MLCommons, a non -profit AI Safety Working Group, has released one of the world’s largest collections in AI Research’s public domain voice recording in cooperation with the AI DEV platform.
The dataset, called the speech of untrained people, contains at least 1 million hours of audio over 89 languages. MLCommons says that the desire to support R & D in various fields of speech technology was motivated to create it.
“Supporting a wide range of natural language processing in language other than English can help more people around the world to bring communication technology,” he wrote on Thursday’s blog post. “In particular, there are some ways for research communities to continue building and developing in the fields that improve the language speech model of low resources, strengthen voice recognition over various accents and dialects, and improve new applications in speech synthesis. I expect it.

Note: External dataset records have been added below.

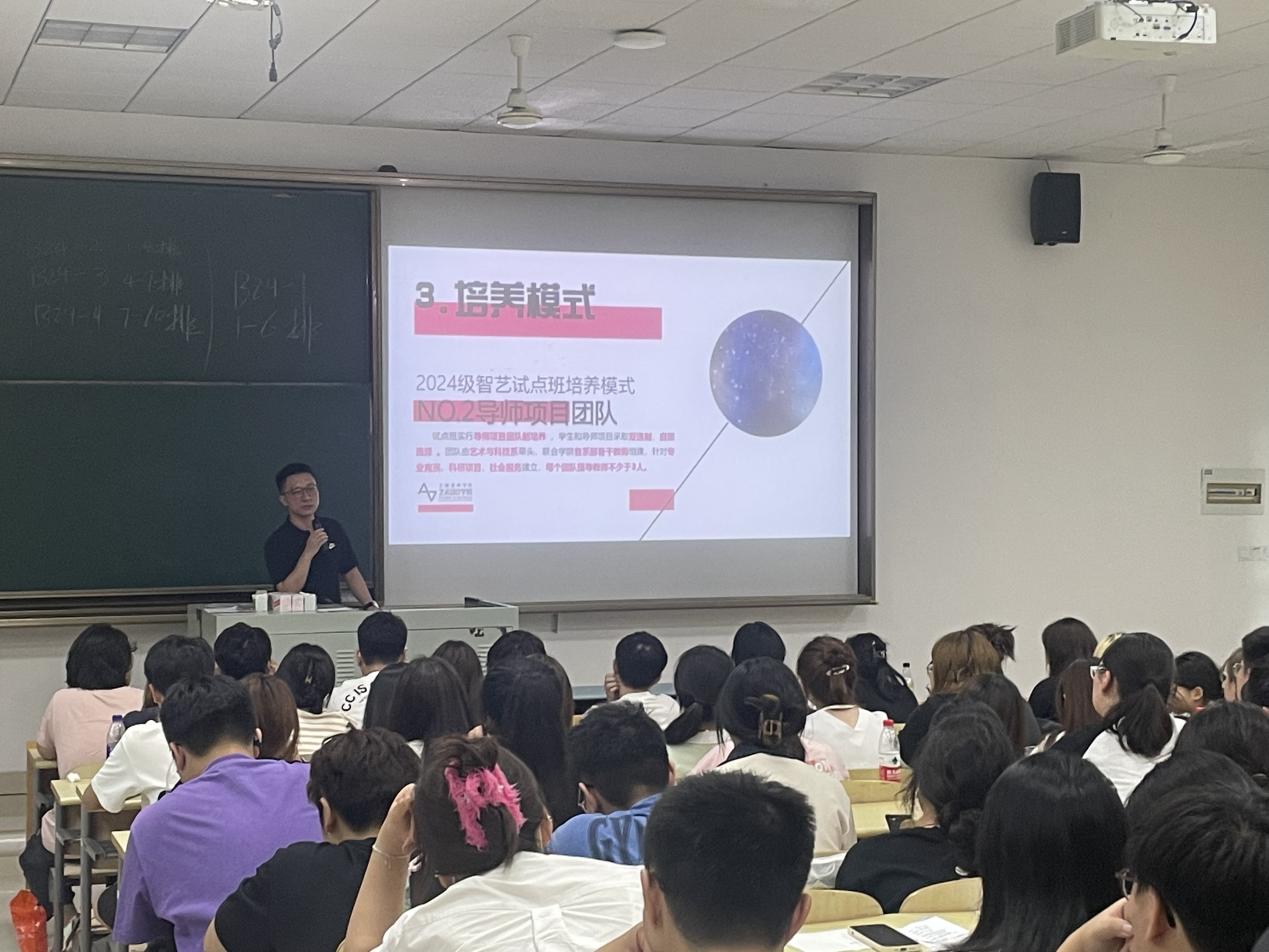 本次选拔工作由艺术与科技系高一方主任组织策划,针对艺术与科技系、视觉传达设计系和数字媒体艺术系的24级新生展开宣讲。宣讲环节中,徐行老师详细介绍了智艺试点班的成立背景、教育理念、培养模式及选拔流程,特别强调了试点班在硬件设施和师资力量方面的显著优势,这为试点班学生未来在校期间取得优异成绩和标志性成果提供了有力保障。此外,针对学生们关心的专业选择、课程安排、选拔标准以及就业升学等问题,徐教师也进行了耐心细致的解答,极大地增强了同学们的信心与积极性。通过线下宣讲和线上咨询相结合的方式,选拔测试吸引了129名新生踊跃报名,竞争激烈。
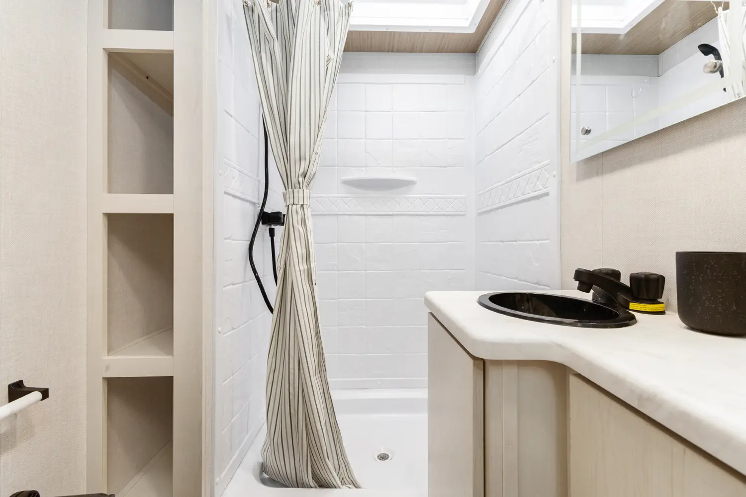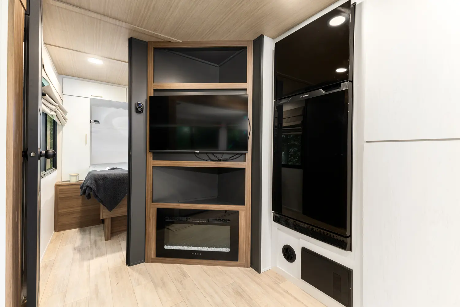 • Universal Docking Station Enclosed in Cargo Storage - Hookups Included: Cable & Satellite Switch, Fresh-Tank Gravity Fill, City Water, Black Tank Flush, Winterization Pump, Outdoor Shower, GFI Outlet, And Space Prepped for Solar Panel Controller
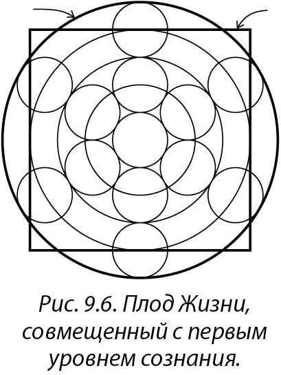 Чтобы ответить на этот вопрос, давайте попробуем наложить Плод Жизни на рисунок первого уровня сознания (см. рис. 9.6). Взгляните на него! Он точно совпадает с четвертым квадратом и пятым кругом, нашим 8 на 10! Центральный круг его тот же самый, что и центральный круг предыдущего рисунка, как и все пять концентрических кругов. На этом рисунке показан только четвертый квадрат, образующий почти совершенную пропорцию фи с пятым кругом, как мы видели ранее.
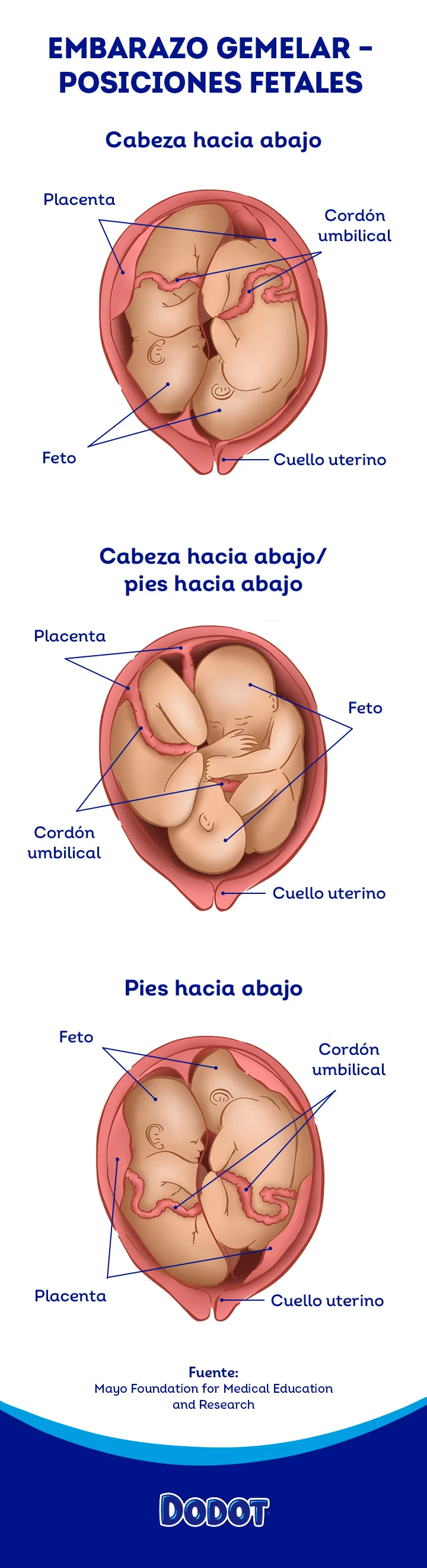 En el tercer trimestre, entre los síntomas más comunes del embarazo que pueden aparecer semana a semana se encuentran los dolores de espalda y la hinchazón de manos, pies y piernas, por lo que quizá te cueste dormir o caminar. Mientras tanto, tus pequeños se preparan para el gran día. Durante este periodo, oyen sonidos familiares, como tu voz, y quizá se acomoden en la mejor posición para un parto vaginal (ambos bebés con la cabeza hacia abajo). Sin embargo, es posible que un bebé o los dos tengan los pies hacia abajo. Échale un vistazo a esta imagen para hacerte una idea de cómo pueden estar tus bebés en el útero. Y no te olvides de que en los embarazos gemelares hay una mayor probabilidad de necesitar un parto por cesárea o de dar a luz de forma prematura.
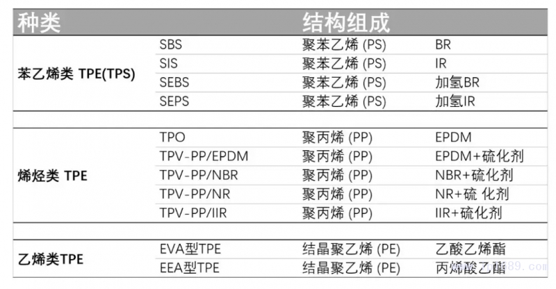 TPE主要由二部分組成,一是塑料,作為連續(xù)相,二是橡膠作為分散相。通常橡膠需要與軟化油或增塑劑與之配合。硫化劑和一些輔助助劑也是必不可少的。另外為了降低成本或者提高某方面的性能,一些無機填料也會被填加。根據(jù)材料組成可分為:苯乙烯類(SBS、SIS、SEBS、SEPS)、烯烴類(TP0、TPV)、雙烯類(TPB、TPI)、氯乙烯類(TPVC、TCPE)、氨酯類(TPU)、酯類(TPEE)、酰胺類(TPAE)、有機氟類(TPF)、有機硅類和乙烯類等,幾乎涵蓋了現(xiàn)在合成橡膠與合成樹脂的所有領域。下面列舉幾種常見的TPE的組成成分。
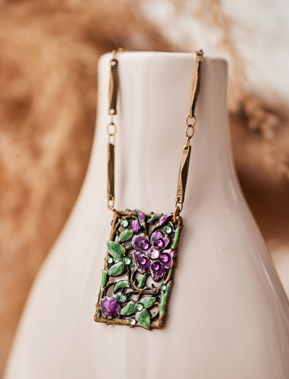 This is made of cold painted enamel on brass, with a smattering of crystal accents. Her site explains, “Add some nature-inspired beauty with this Art Nouveau influenced necklace. Hand-enameled vine and flower details and brilliant crystal accents make this piece a graceful addition to any look. April is thrilled to partner with great American designers like Anne Koplik- whose vintage, heirloom inspired jewelry makes you feel beautiful inside and out.”
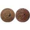 1767-A French Colonies Copper Sou. Vlack 14-E, another, but struck on a planchet with a PLAIN EDGE, quite rare as such. Nearly Very Fine, the obverse legend weak at SIT, the reverse weak at the last two letters of each line, the rest of the lettering and date strong. Deep golden brown, both sides a bit spotty with darker toning and a touch of verdigris. The 1767 Sous were struck with an engrailed edge as an anti-counterfeiting measure; we have seen a couple contemporary cast counterfeits in brass that lacked the edge, but have only seen a couple genuine struck coins missing this important feature, as here. An exceedingly rare error, and an important piece for the specialist.
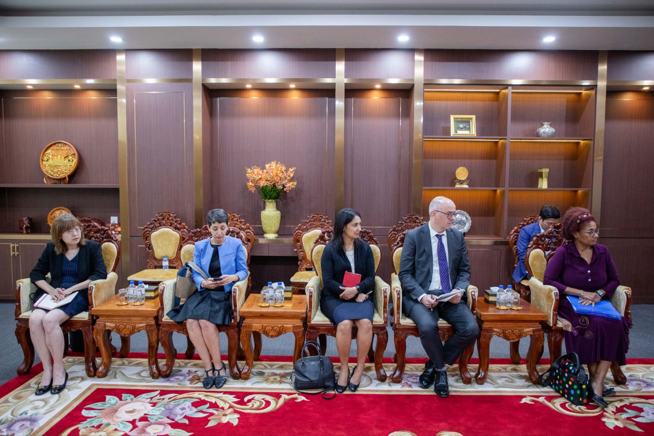 (ភ្នំពេញ)៖ ឯកឧត្តម ហេង សួរ រដ្ឋមន្ត្រីក្រសួងការងារ និងបណ្តុះបណ្តាលវិជ្ជាជីវៈ នៅរសៀលថ្ងៃពុធ ទី២៧ ខែកញ្ញា ឆ្នាំ២០២៣នេះ បានជួបពិភាក្សាការងារជាមួយលោកស្រី ម៉ារីយ៉ាម ស្ហឺរមែន(Mariam Sherman) នាយកធនាគារពិភពលោកប្រចាំប្រទេសមីយ៉ាន់ម៉ា កម្ពុជា និងសាធារណរដ្ឋប្រជាមានិតប្រជាធិបតេយ្យឡាវ នៅទីស្តីការក្រសួងការងារ និងបណ្តុះបណ្តាលវិជ្ជាជីវៈ។
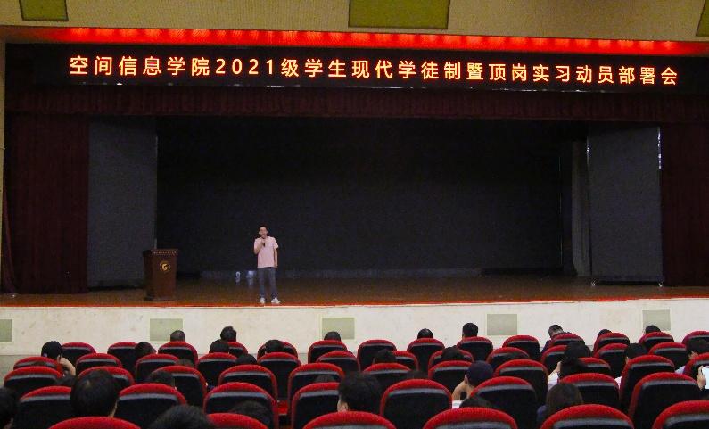 动员会上,沈映政老师向同学们介绍了工学云打卡周记、月报提交相关操作,并结合当前就业形势,鼓励同学们通过实习练就本领,应对就业挑战,分享了选择实习单位的方法,介绍了就业协议的签订要求,叮嘱同学们在实习过程中要注意自身安全,严格遵守学校实习单位的管理制度。
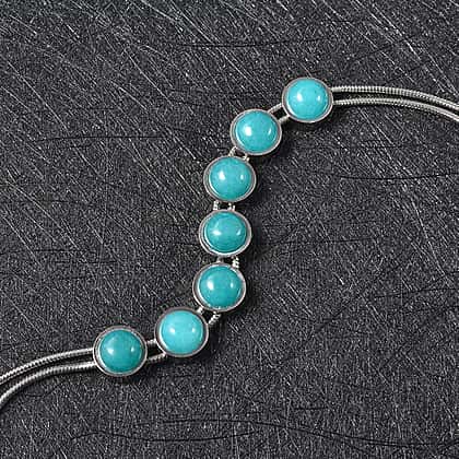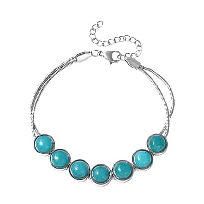 Amazonite Bracelet (Size - 7.5 With 2 Inch Extenders) Pure White Stainless Steel 14.000 Ct.
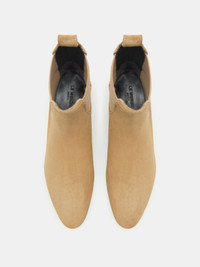 Allegra Chelsea Boot, handcrafted in taupe suede, with a cushioned calf leather insole, back zip fastening and leather piping. 40mm heel. Made in Italy.
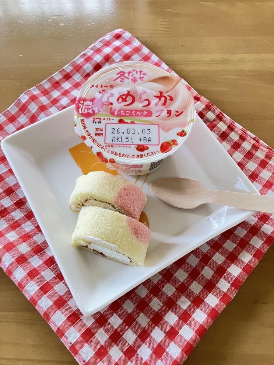 ぷるぷるとして濃厚なミルクといちごの甘酸っぱさが心地よい美味しさでロールケーキと一緒に食べていて幸せ気分になりました。
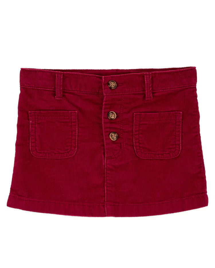 Feminina e versátil, a Saia infantil de veludo cotelê vinho | Carter’s é ideal para manter sua pequena confortável e estilosa, seus lookinhos podem variar, seja utilizando a peça com uma meia calça para dias frios ou apenas a saia com um outfit para temperaturas mais amenas. Confeccionada em veludo cotelê, estampa de melancia, cós com passantes e abotoamento frontal.

Certainly it is a stunning goal. However, AI datasets, such as speeches of untrained people, can take risks to researchers who choose to use them.
Bias data is one of these risks. The speech for untrained people is probably from Archive.org, the most well -known non -profit organization in Wayback Machine Web Archival Tool. Many of Archive.org’s contributors speak English -and because they are Americans, most of the speeches of untrained people are American accent, according to Readme on the official project page.
In other words, AI systems such as speech recognition and audio synthesizer models trained in the speech of untrained people without cautious filtering may indicate some of the same prejudice. For example, they may have difficulty in transferring English spoken by non -native speakers, or struggling to generate synthetic voices in language other than English.
Speeches for untreated people may also include recording from people who are not aware that their voices are being used for research on AI, including commercial applications. MLCommons states that all recording in the dataset can be used in a public domain or under the creative commons license, but may have made mistakes.
According to MIT analysis, hundreds of public AI training datasets have no license information and include errors. Creators, including ED Newton-REX, a non-profit CEO that focuses on AI Ethics, has been very trained, and for the troublesome burden imposed on these creators. Creators argued that the AI dataset did not need to be “opt -out”.
“Many creators (such as Squarespace users, etc.) have no meaning to opt-out,” said Newton-Rex in the X post in June last year. “There are multiple overlap opt -out methods for creators who can opt -out. This is incredibly confused, (2) the coverage is incomplete incomplete. Perfect and perfect opt -out. Even if it exists, it is very unfair to put an opt -out burden on the creator, given that the generated AI uses a job to compete with them.
MLCommons says that it is working to update, maintain and improve the quality of speeches of untrained people. However, considering the potential flaws, the developers have paid serious attention.